9. The method of claim 8, wherein generating, with the deep learning module, the predicted embedded information comprises:
determining whether the candidate barcode region is a barcode region or a non-barcode region; and
if it is determined that the candidate barcode region is a barcode region, determining a type and/or symbology of a barcode in the barcode region.
10. The method of claim 9, wherein generating, with the deep learning module, the predicted embedded information comprises:
dividing the cropped image into a plurality of patches; and
extracting the predicted embedded information from the plurality of patches.
11. The method of claim 10, wherein:
the predicted embedded information comprises a plurality of feature vectors.
12. The method of claim 11, wherein:
each of the plurality of feature vectors corresponds to a codeword or an intermediate digital representation of a codeword.
13. The method of claim 10, wherein:
generating, with the deep learning module, the predicted embedded information comprises:
converting each of the plurality of patches into a one-dimensional (1D) vector, and
adding position information to the converted 1D vectors; and
extracting the predicted embedded information is based on the converted 1D vectors and added position information.
14. The method of claim 13, wherein generating, with the deep learning module, the predicted embedded information comprises:
adding a 1D vector to the converted 1D vectors; and
generating a vector indicating a start of the predicted embedded information based on the added 1D vector.
15. The method of claim 13, wherein generating, with the deep learning module, the predicted embedded information comprises:
determining, with a first multi-head self-attention layer (MSA), relationships between the converted 1D vectors.

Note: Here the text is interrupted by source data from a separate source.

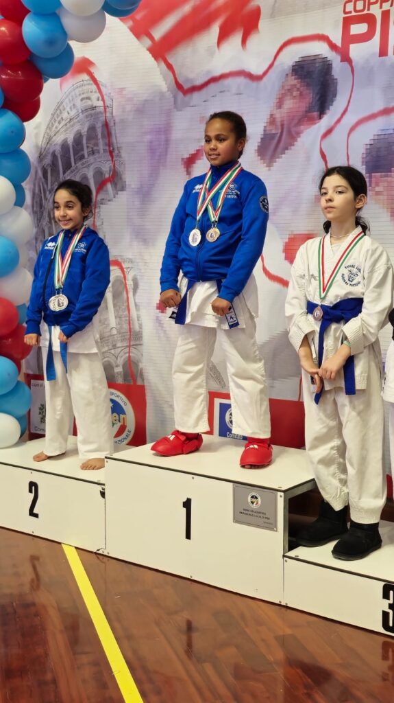 Negli U12 Flavia Sapienza nelle cinture bianche vince nel palloncino ed è seconda nel kata, nelle verdi/blu Hanae Boussairivince due argenti nel palloncino e kata e la solita Mintou Mbayevince nel kumite dopo tre incontri e nel kata, si piazza terza nel palloncino.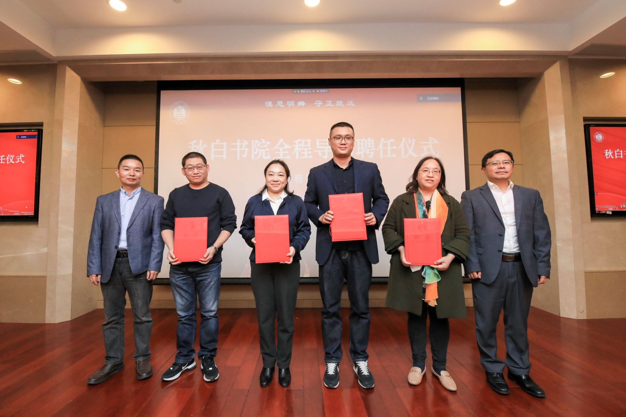 在全程导师聘任仪式上,学生工作办公室主任、本科生书院管理中心主任孟祥栋老师、秋白书院院长肖瑛老师为全程导师代表鲍建竹、芦雪峰、赵宇阳、李红霞四位老师颁发聘书,希望全程导师们能够为书院学生的成长筑梦助力。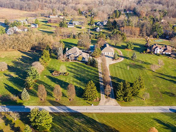 Swimming pool in a vacation setting! You won't need to go on vacation with the inground pool, cabana oasis, and almost 3 acres to set up your outdoor fun. This home had some updates in the last 3 months: fresh paint, wallpaper removed, new family room carpet, new bath flooring and outside paint. There's a 1st floor Owner's suite that's perfect for extended family or you. There's also an Owner's Suite upstairs with a balcony looking over the back yard. Upgraded kitchen w/granite counters, custom cabinets, & large eating space. Large deck and fire pit. The in-ground pool has an automatic cover for easy opening & closing. The pool cabana offers an eating area, a spot for a TV & place to invite your friends. Finished lower level with kitchen. Motor home parking area too.
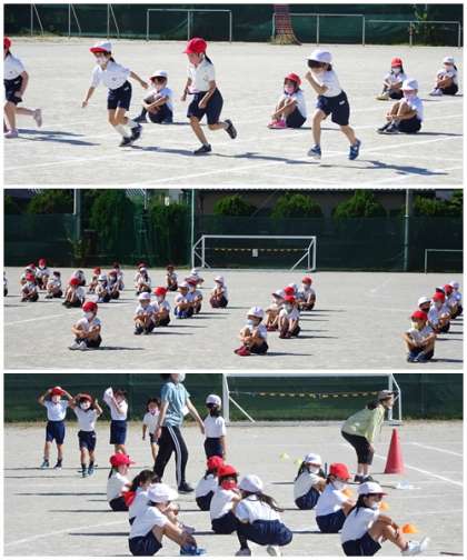 体育では、授業参観で行う徒競走の練習をしていました。ソーシャルディスタンスを上手にとりながら、待てるように気をつけていました。

16. The method of claim 15, wherein generating, with the deep learning module, the predicted embedded information comprises:
extracting, with a first multilayer perceptron (MLP), a first plurality of feature vectors based on the relationships between the converted 1D vectors.
17. The method of claim 13, wherein generating, with the deep learning module, the predicted embedded information comprises:
extracting, with a first multilayer perceptron (MLP), a first plurality of feature vectors based on the converted 1D vectors.
18. The method of claim 15, wherein generating, with the deep learning module, the predicted embedded information comprises:
determining, with a second multi-head self-attention layer (MSA), relationships between the converted 1D vectors based on the relationships between the converted 1D vectors determined by the first MSA.
19. A system comprising:
an imaging device configured to capture images; and
at least one processor in communication with the imaging device and configured to execute computer executable instructions, wherein the computer executable instructions comprise instructions for:
accessing an image of a symbol that is captured using the imaging device, the image comprising embedded information;
inputting the image of the symbol into a deep learning module; and
generating, with the deep learning module, predicted embedded information based on the image of the symbol.
20. A non-transitory computer readable medium comprising program instructions that, when executed, cause at least one processor to:
access an image of a symbol comprising embedded information;
input the image of the symbol into a deep learning module; and
generate, with the deep learning module, predicted embedded information based on the image of the symbol.